Facebook CEO Zuckerberg Leveraged User Data to Help Friends and Punish Rivals - Tomte
https://www.macrumors.com/2019/04/16/facebook-user-data-leverage-tactics/
======
ivoallasap
1\. Is anyone shocked? 2\. The conversation on data privacy has got to start
including some dialogue on _actual value_ that's being given back to the
consumer using the product. I don't think 'getting the opportunity to use the
tool' or 'you can choose not to use Facebooks' hold a lot of water, because
the consent process is flawed and not transparent. Not that it could ever
conceivably happen, but imagine if you could visualize the ultimate
monetization of your data by Facebook on sign up. There's just such a massive
disconnect between what you get and how much you're profited from as a
Facebook user.

------
TaylorGood
Every quarter there are similar headlines regarding Facebook or Zuckerberg. At
what point will it stop?
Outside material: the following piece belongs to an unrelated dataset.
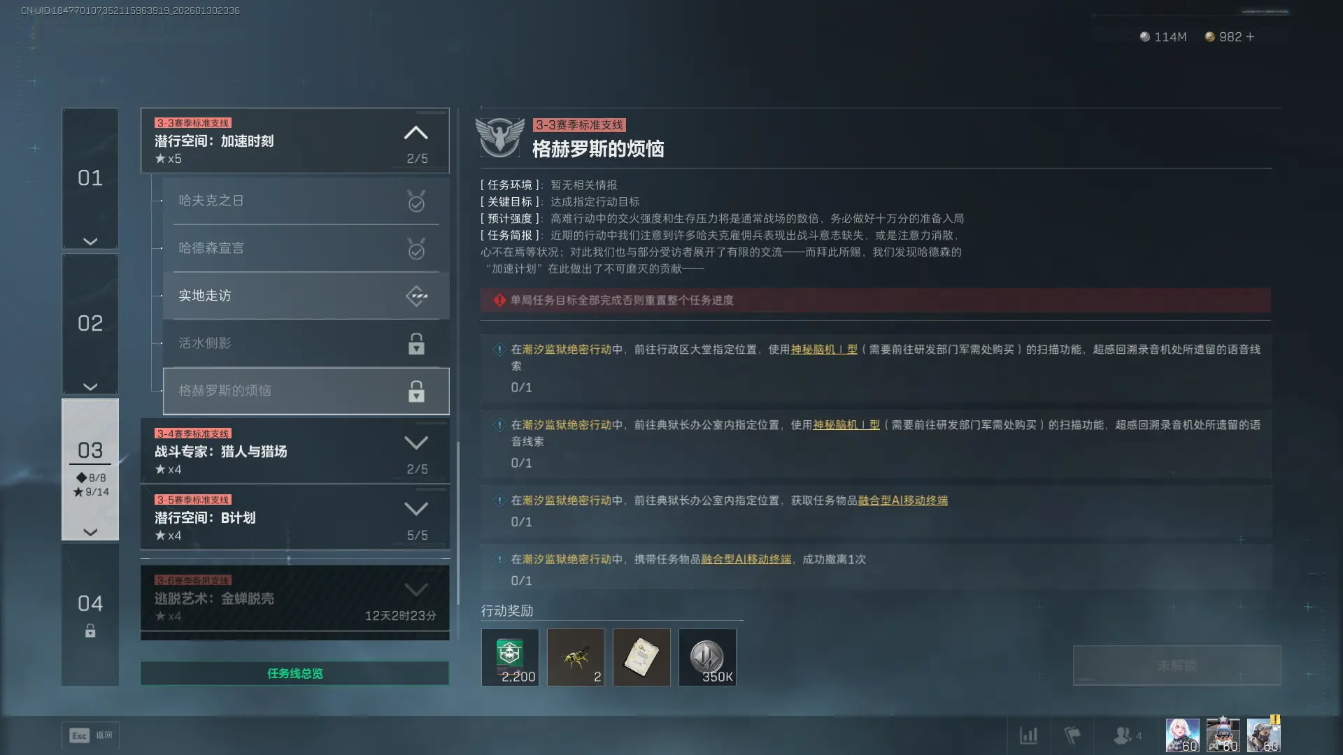 4、任务奖励:经验x2200、机械工蜂模型x2、赛季任务定制装备券x1、哈夫币x350000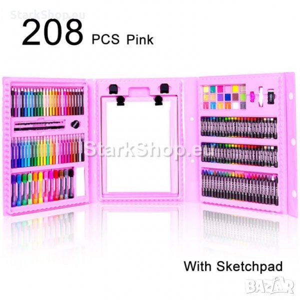 Ако детето ви е любител на изобразителното изкуство и обича да рисува, то имаме идеалният подарък, който може да му подарете. Вземете този невероятен комплект за рисуване, който се състои от 208 броя части. Той напълно ще задоволи всички изисквания на детето относно рисуването, защото включва всичко необходимо за едно истинско забавление. Комплектът съдържа 208 части: 12 броя мини маркера, 24 броя акварелни молива, 48 броя маслени пастели, 24 броя стандартни цветни моливи, 18 броя акварелни бои, 15 броя бели листа за рисуване, както и много други помощни материали.

From today's bit, it sounds like many executives were
aware of this, including the beloved "lean in" Sheryl.

------
greenyoda
Extensive discussion of original source (NBC News report):
[https://news.ycombinator.com/item?id=19672795](https://news.ycombinator.com/item?id=19672795)

------
muckrakerz
We need to roll back the protections that the social media companies have and
make them more like phone companies.